OWS has “broken through” also in the ways it compels that we rethink the meaning of and public attachments to order, which is arguably a greater priority and visceral desire for some than law, and certainly justice. In this context, I should say that I am fascinated by (if also often fearful of) the skirmishes that break out at the edges of OWS marches. In them, the police evidence their obsession with their power over human bodies, often manifest in police aggression. The protestors, for their part, can on occasion provoke, and blur the line between defiance and needless risk and potentially counterproductive hostility. Yet such refusals to be ordered can be a refreshing challenge to the presumed authority of police or others to tell you can stand here, but not there, or to stop and frisk you—especially if a racial or ethnic “minority”—for no reason at all. At the root of such chafing is to contest why the police and the corporations in the first place are the custodians of order, and what kind of order are they maintaining. To make vivid this point, I invoke the language of one of America’s great resisters, Daniel Berrigan. Explaining in court his raid of a Draft Board office in 1968, he said: “Our apologies good friends for the fracture of good order. … All of us who act against the law turn to the poor of the world … to the victims … to the soldiers who kill and die … because they were so ordered by the authorities of that public order which is in effect a massive institutionalized disorder[.] We say killing is disorder [,] life and gentleness and community and unselfishness is the only order we recognize.”
Berrigan’s lines invert conventional understandings of order and disorder, privileging over lawfulness the true, moral order violated by the conduct of institutions and men and the structures of society. Whether newly articulated or not, such a sentiment infuses the ethos and practice of OWS.

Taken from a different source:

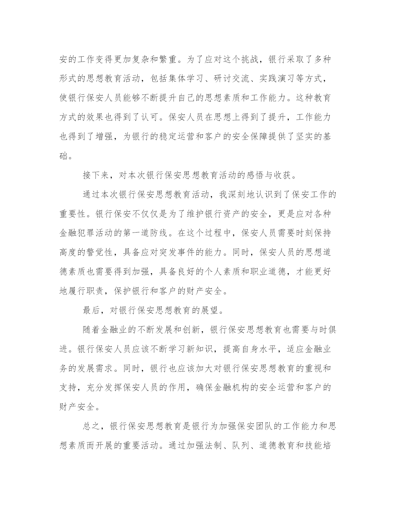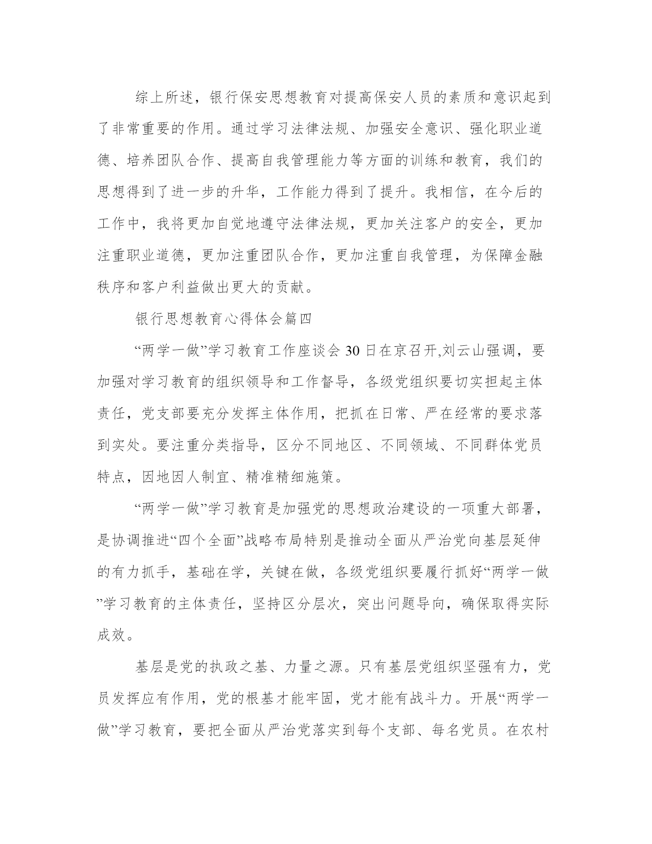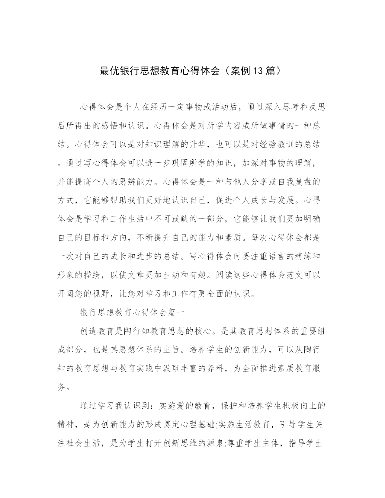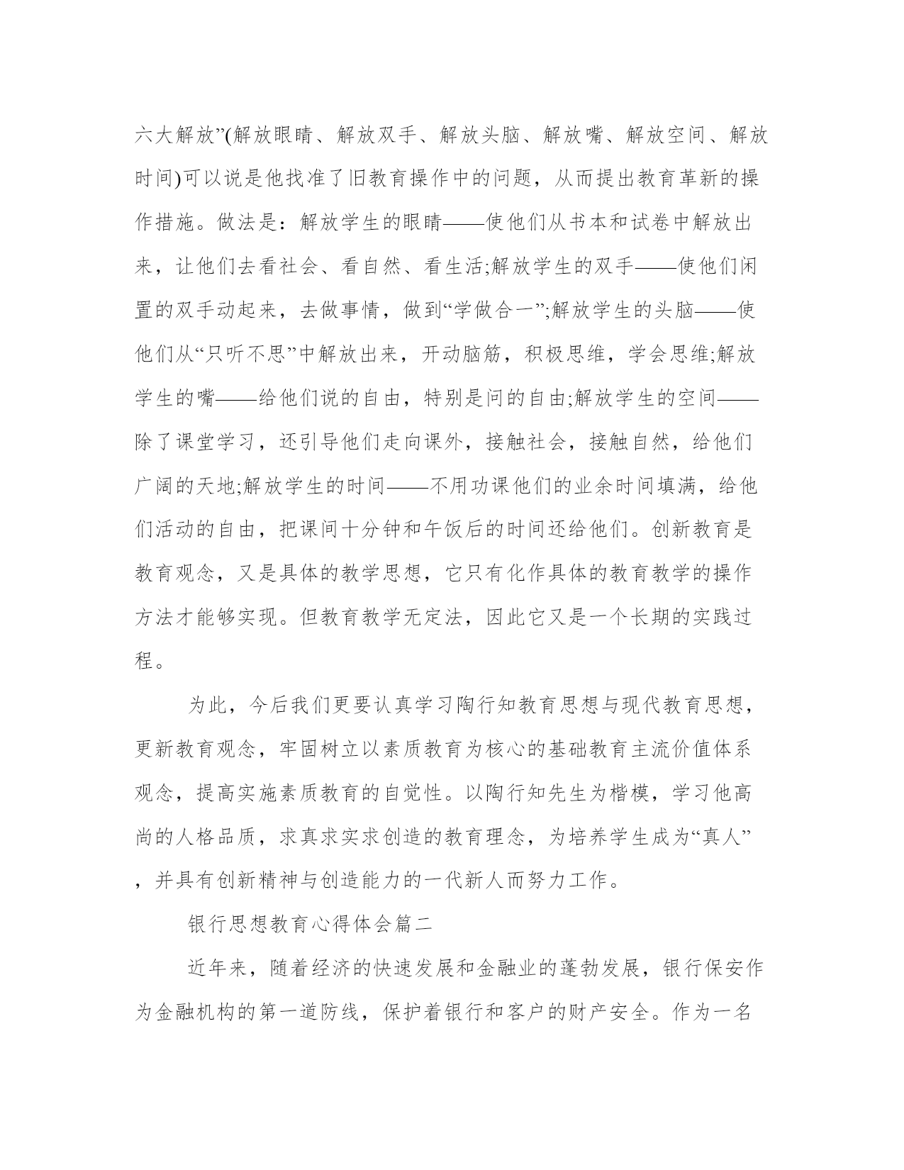 最优银行思想教育心得体会(案例13篇)心得体会是个人在经历一定事物或活动后,通过深入思考和反思后所得出的感悟和认识。心得体会是对所学内容或所做事情的一种总结。心得体会可以是对知识理解的升华,也可以是对经验教训的总结。通过写心得体会可以进一步巩固所学的知识,加深对事物的理解,并能提高个人的思辨能力。心得体会是一种与他人分享或自我复盘的方式,它能够帮助我们更好地认识自己,促进个人成长与发展。心得体会是学习和工作生活中不可或缺的一部分,它能够让我们更加明确自己的目标和方向,不断提升自己的能力和素质。每次心得体会都是一次对自己的成长和进步的总结。写心得体会时要注重语言的精练和形象的描绘,以使文章更加生动和有趣。阅读这些心得体会范文可以开阔您的视野,让您对学习和工作有更全面的认识。银行思想教育心得体会篇一创造教育是陶行知教育思想的核心。是其教育思想体系的重要组成部分,也是其思想体系的主旨。培养学生的创新能力,可以从陶行知的教育思想与教育实践中汲取丰富的养料,为全面推进素质教育服务。通过学习我认识到:实施爱的教育,保护和培养学生积极向上的精神,是为创新能力的形成奠定心理基础;实施生活教育,引导学生关注社会生活,是为学生打开创新思维的源泉;尊重学生主体,指导学生学会学习,是培养创新能力的学习操练;实行“六大解放”,焕发学生活力,是培养创新能力的操作要求。一、实施爱的教育,保护培养学生积极向上的精神。爱的教育是少年、儿童教育的基本原则和方法。陶行知先生的“爱满天下”更把爱的教育发扬光大。教师对学生的爱在教育中具有重要的作用。陶行知说:“小孩子的体力与心理都需要适当的营养。有了适当的营养,才能发生高度的创造力。”人在小学阶段其心理的基本需要中,情感的需要是第一位的。师爱犹如心理发展的精神乳汁,哺育儿童的心灵发展。师爱能营造出和谐、温馨、亲切的师生关系。在这种师生关系中,学生不仅乐学,而且个性会得到充分发展,形成积极向上的精神状态。这是创造能力形成的心理基础。不仅学习陶行知“捧着一颗心来,不带半根草去”献身教育的品格,更要有“爱满天下”的高尚情怀,发扬“因为差,更要抓”“因为差,更要爱”的敬业精神。教师对后进生应有要有一颗爱心,它不埋在胸膛里,而应擎在手上,高高举起,让学生看得见,摸得着,时时感觉到。老师对后进生更要倾注真诚的爱心,使学生感到老师的亲切、集体的温暖,从而树起生活的信心,提高学习的积极性。多给学生关照和温暖。对学习好的学生热心引导,对学习差的学生及调皮的学生也是从爱开始,进行指导帮助,不歧视、不训斥、不讽刺挖苦。学生们感受到老师的爱,有了良好的情绪,学习的积极性也就提高了。使学生们感受时代的脉搏,培育爱他人、爱祖国的情感。情感是理智的基础,善良的心和爱他人、爱祖国的情操也是创新智慧的心理基础。二、实施生活教育,引导学生关注社会生活。陶行知的“生活教育”理论是全新的教育思想,他指出:生活教育是生活所原有,生活所自营,生活所必须的教育。教育的根本意义是生活的变化。教育是为了生活,离开了生活的改进,教育就失去了意义。这就要求教育要从课堂和书本走出来,去关注社会生活,即关注生活重于关注书本。以生活为中心的教育,不仅使书本知识变活,而且使学生开阔视野,从社会生活中吸取综合的多方面的知识,从而获得思想和精神力量。把日常的教育和教学都要和社会生活结合起来,在课堂教学中,书本知识要联系社会实际,引导学生关心家乡的建设、国家的发展、科学技术的成就和丰富多彩的社会文化生活。这样,不仅使学生开阔了眼界,书本上的知识活了起来,而且引发了学生的学习兴趣和学习积极性。组织学生社会实践活动,让学生在文明宣传、公益劳动、社会调查及社会服务中去观察、去感受、去锻炼、去分辨,以吸取有益的思想和知识。三、尊重学生主体,指导学生学会学习。会学习才能创造。学习的欲望和能力,即自己主动获取知识、解决问题的能力,是创新精神和创造能力的重要基础之一。学习是人主观的精神活动,要获取知识,人必须积极地使用并协调自己的感官,发动自己的大脑,并做出主观的意志努力。可是在我们的传统教学中,学生只是知识的容器和被塑造的材料,完全处于被动的地位。教师灌输花时多,效果差,学生听、记、背学得苦,求知欲没有了,创造力抑制了。这样的教学状况怎能培养学生的创新精神和能力呢?因此,在教学操作上,必须改变“老师讲,学生听”的教学模式,把学生放在主体的地位。陶行知的教学思想,“教师的责任不在教,而在教学,教学生学。”“先生教的法子必须根据学生学的法子。”把学生放在主体的地位,探索“引导学生学”的方法,把教学过程变成“教学做合一”的过程。,教学固然要发挥教师积极指导的作用,但决定教学效果的主要还在于学生的学习效果,只有学生愿意学、认真学、乐意学,才算是教学效果好。四、实施“六大解放”,焕

Whatever one’s partisanship, even a sober analysis must concede that OWS’s transformative power has lain substantially in its capacity to provoke by mobilizing passion and compassion, anger and hope in newly contestatory ways. Its challenge — at a time when it is unclear in what form OWS any longer exists — is to stay both dynamic and relevant, to lead and not follow. Key to doing so is to have a sharp memory of its founding moment and what enabled it to win such early success. Escalating confrontation, as both an end in itself and as a way to remain media-friendly, is a temptation. To guide such passions, one may well reflect on what else Mr. Berrigan’s good words compel: that one is ethically obligated to preach, embody, and enact a higher moral order, which both drives and disciplines ones conduct.
With this vigilance, OWS has a chance.
Jeremy Varon is Associate Professor of History at The New School, New York City. This essay was adapted from an address he gave at a public forum, "OWS: What's Next?" at the New School on October 19, 2011.